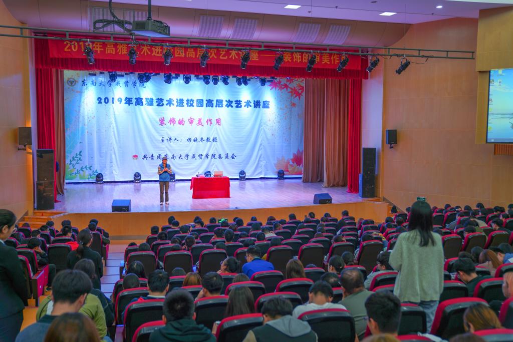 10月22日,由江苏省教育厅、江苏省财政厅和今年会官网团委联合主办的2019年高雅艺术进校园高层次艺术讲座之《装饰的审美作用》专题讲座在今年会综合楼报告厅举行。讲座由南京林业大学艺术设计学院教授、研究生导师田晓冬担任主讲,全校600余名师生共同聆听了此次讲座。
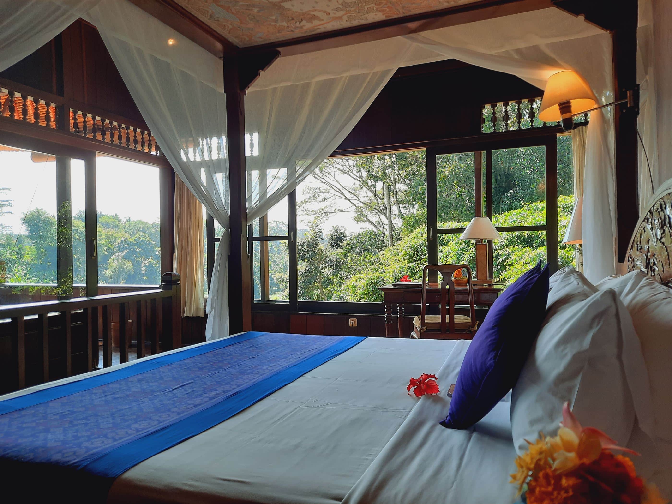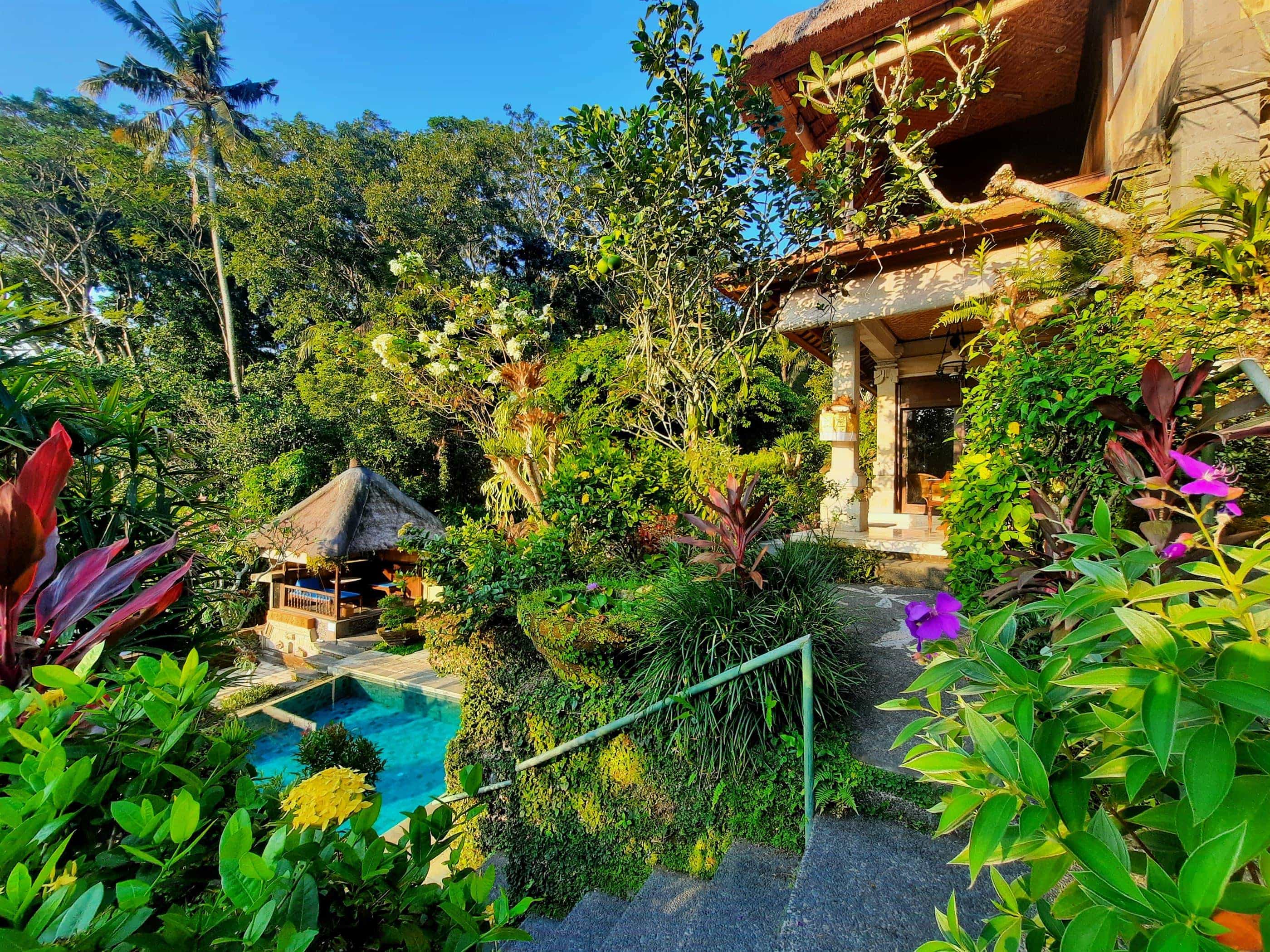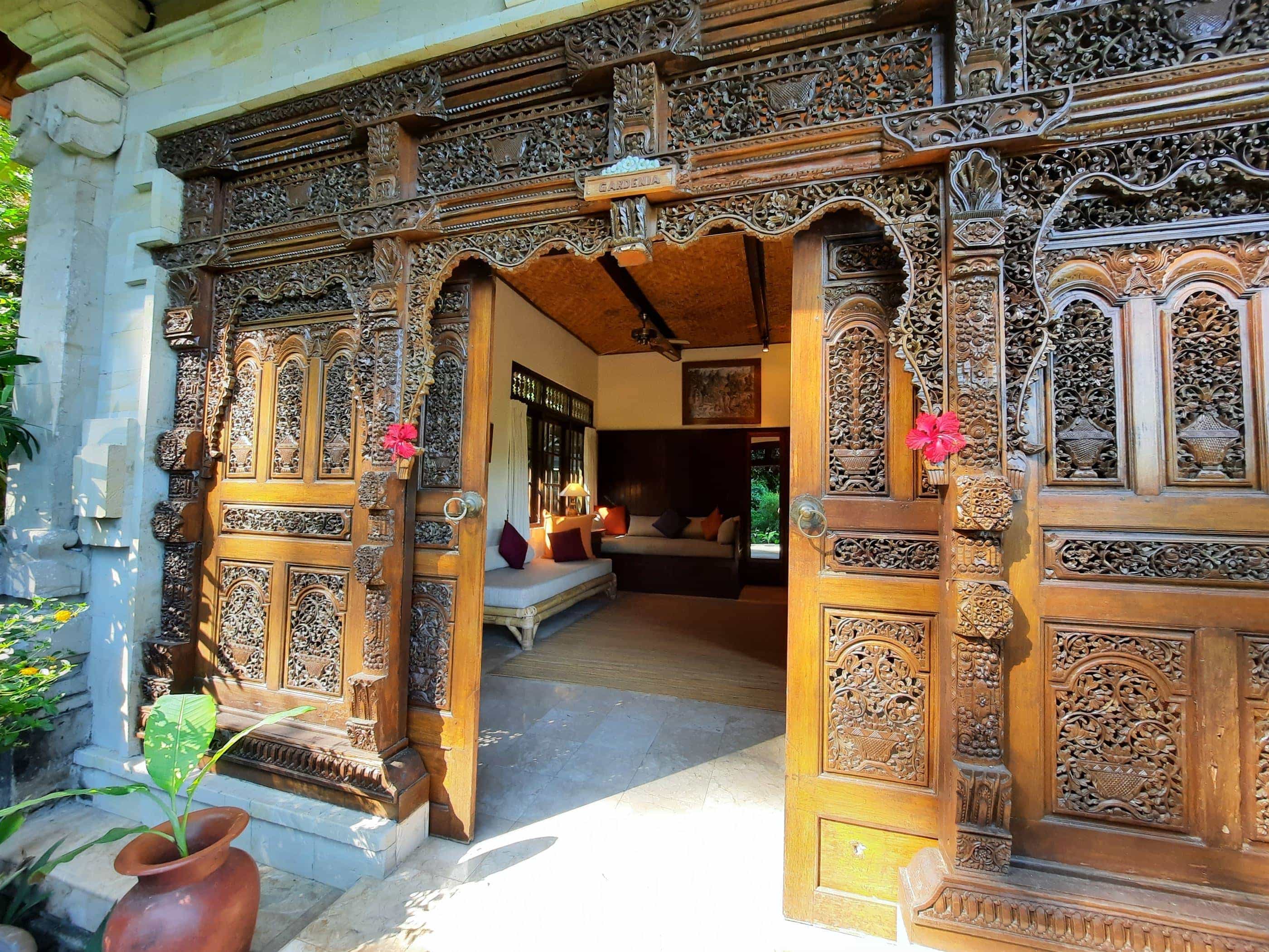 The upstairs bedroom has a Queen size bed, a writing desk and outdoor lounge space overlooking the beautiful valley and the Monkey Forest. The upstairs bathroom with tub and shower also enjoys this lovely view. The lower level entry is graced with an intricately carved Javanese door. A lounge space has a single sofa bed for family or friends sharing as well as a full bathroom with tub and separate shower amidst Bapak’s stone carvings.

---

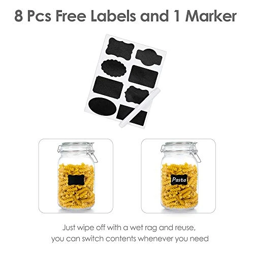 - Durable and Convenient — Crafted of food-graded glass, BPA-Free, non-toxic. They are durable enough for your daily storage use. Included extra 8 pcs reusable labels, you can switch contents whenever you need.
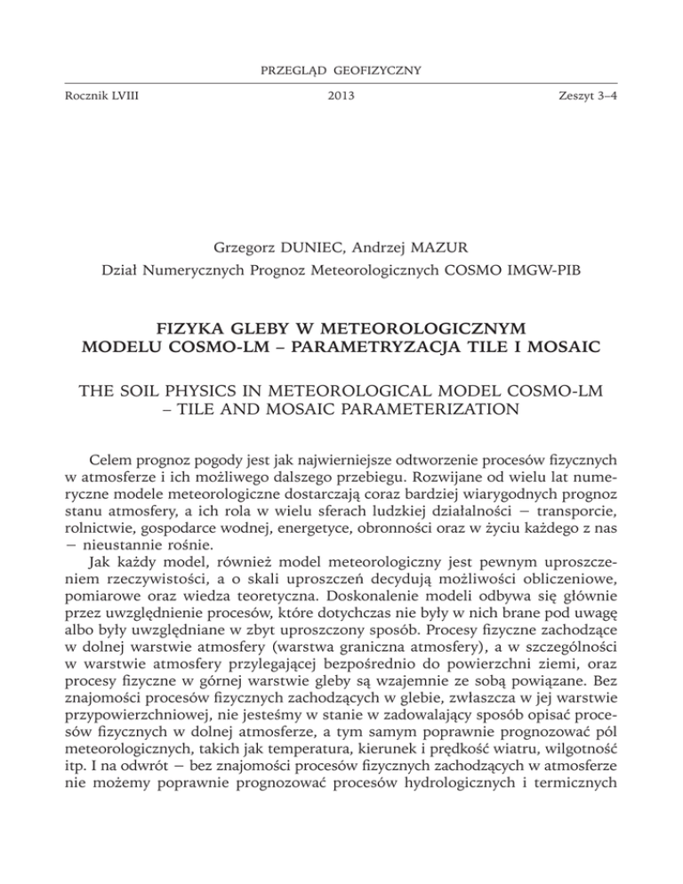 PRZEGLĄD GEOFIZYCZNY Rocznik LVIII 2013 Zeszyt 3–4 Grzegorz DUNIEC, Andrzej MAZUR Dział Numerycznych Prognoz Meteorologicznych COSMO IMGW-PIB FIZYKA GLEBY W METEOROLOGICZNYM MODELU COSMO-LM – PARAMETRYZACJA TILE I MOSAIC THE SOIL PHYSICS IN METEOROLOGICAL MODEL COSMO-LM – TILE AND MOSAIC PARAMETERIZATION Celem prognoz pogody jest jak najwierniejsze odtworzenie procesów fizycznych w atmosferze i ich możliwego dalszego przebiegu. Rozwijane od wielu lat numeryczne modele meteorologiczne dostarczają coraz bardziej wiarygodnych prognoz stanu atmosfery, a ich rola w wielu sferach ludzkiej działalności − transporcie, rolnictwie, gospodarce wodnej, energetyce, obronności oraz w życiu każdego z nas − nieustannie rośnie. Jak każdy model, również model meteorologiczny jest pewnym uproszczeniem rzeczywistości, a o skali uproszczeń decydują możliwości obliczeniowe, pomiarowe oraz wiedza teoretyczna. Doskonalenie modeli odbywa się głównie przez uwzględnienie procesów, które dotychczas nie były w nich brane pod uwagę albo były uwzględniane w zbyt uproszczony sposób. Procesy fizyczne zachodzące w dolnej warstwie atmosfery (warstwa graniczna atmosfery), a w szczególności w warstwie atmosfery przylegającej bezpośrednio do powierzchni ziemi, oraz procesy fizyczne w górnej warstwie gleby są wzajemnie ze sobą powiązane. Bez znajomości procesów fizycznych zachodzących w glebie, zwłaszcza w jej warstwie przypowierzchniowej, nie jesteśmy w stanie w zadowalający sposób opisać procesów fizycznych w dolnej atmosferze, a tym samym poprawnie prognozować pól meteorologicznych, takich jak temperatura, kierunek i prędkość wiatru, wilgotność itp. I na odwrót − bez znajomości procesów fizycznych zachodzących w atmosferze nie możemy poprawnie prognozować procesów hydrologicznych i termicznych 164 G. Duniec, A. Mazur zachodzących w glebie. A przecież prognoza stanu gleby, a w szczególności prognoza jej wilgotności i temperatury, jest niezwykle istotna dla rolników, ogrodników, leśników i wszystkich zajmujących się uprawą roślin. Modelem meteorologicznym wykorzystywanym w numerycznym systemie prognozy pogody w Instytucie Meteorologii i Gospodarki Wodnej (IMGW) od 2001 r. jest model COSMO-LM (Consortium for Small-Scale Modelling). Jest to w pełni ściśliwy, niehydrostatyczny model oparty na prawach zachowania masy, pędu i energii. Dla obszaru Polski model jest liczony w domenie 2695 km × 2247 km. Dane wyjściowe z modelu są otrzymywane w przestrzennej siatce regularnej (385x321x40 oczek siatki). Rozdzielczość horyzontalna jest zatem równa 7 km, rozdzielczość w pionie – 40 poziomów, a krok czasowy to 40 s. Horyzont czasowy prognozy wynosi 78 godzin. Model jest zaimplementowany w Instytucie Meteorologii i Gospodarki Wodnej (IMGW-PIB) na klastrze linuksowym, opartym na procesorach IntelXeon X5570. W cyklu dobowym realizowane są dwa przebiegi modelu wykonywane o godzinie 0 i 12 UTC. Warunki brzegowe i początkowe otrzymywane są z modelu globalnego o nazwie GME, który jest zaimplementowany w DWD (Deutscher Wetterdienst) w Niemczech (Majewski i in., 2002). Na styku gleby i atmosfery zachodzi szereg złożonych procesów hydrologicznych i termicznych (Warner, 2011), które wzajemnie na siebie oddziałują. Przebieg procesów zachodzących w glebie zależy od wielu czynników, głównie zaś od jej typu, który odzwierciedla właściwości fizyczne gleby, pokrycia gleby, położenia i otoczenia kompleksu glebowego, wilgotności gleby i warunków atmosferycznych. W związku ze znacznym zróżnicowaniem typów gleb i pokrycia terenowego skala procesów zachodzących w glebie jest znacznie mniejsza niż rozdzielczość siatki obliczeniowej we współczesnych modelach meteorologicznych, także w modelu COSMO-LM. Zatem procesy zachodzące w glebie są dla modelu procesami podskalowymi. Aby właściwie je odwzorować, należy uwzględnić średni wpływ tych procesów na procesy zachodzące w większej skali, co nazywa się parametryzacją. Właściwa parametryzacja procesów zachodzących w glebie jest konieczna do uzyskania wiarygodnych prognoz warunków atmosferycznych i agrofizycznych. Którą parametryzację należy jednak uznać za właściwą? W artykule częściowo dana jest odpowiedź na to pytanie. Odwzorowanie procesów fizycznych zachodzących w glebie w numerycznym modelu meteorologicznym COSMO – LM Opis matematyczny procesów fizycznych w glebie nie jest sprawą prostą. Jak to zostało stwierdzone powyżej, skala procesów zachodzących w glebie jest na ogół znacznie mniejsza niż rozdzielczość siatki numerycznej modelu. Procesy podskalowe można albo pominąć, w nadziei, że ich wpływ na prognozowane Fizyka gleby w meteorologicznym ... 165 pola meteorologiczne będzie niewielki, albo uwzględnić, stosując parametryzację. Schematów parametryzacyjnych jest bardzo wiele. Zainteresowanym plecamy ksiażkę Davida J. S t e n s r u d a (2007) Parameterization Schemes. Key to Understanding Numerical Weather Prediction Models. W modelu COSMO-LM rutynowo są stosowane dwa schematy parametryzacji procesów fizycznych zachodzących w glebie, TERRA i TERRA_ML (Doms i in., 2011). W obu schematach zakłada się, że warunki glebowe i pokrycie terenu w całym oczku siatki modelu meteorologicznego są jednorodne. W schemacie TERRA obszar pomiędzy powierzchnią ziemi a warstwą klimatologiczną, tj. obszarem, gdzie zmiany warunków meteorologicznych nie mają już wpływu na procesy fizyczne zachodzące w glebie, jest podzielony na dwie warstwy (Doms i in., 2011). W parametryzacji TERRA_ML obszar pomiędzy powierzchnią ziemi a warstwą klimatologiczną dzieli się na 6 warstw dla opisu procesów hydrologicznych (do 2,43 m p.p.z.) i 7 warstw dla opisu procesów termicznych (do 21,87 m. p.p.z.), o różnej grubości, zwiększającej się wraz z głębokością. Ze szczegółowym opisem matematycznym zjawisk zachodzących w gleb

● **What to produce**: Write out again exactly the lines above from the one with "10月22日,由江苏省教育厅" through the one with "The upstairs bedroom", adding no other lines and no pictures.

● **Reply to the task**:
 10月22日,由江苏省教育厅、江苏省财政厅和今年会官网团委联合主办的2019年高雅艺术进校园高层次艺术讲座之《装饰的审美作用》专题讲座在今年会综合楼报告厅举行。讲座由南京林业大学艺术设计学院教授、研究生导师田晓冬担任主讲,全校600余名师生共同聆听了此次讲座。
 The upstairs bedroom has a Queen size bed, a writing desk and outdoor lounge space overlooking the beautiful valley and the Monkey Forest. The upstairs bathroom with tub and shower also enjoys this lovely view. The lower level entry is graced with an intricately carved Javanese door. A lounge space has a single sofa bed for family or friends sharing as well as a full bathroom with tub and separate shower amidst Bapak’s stone carvings.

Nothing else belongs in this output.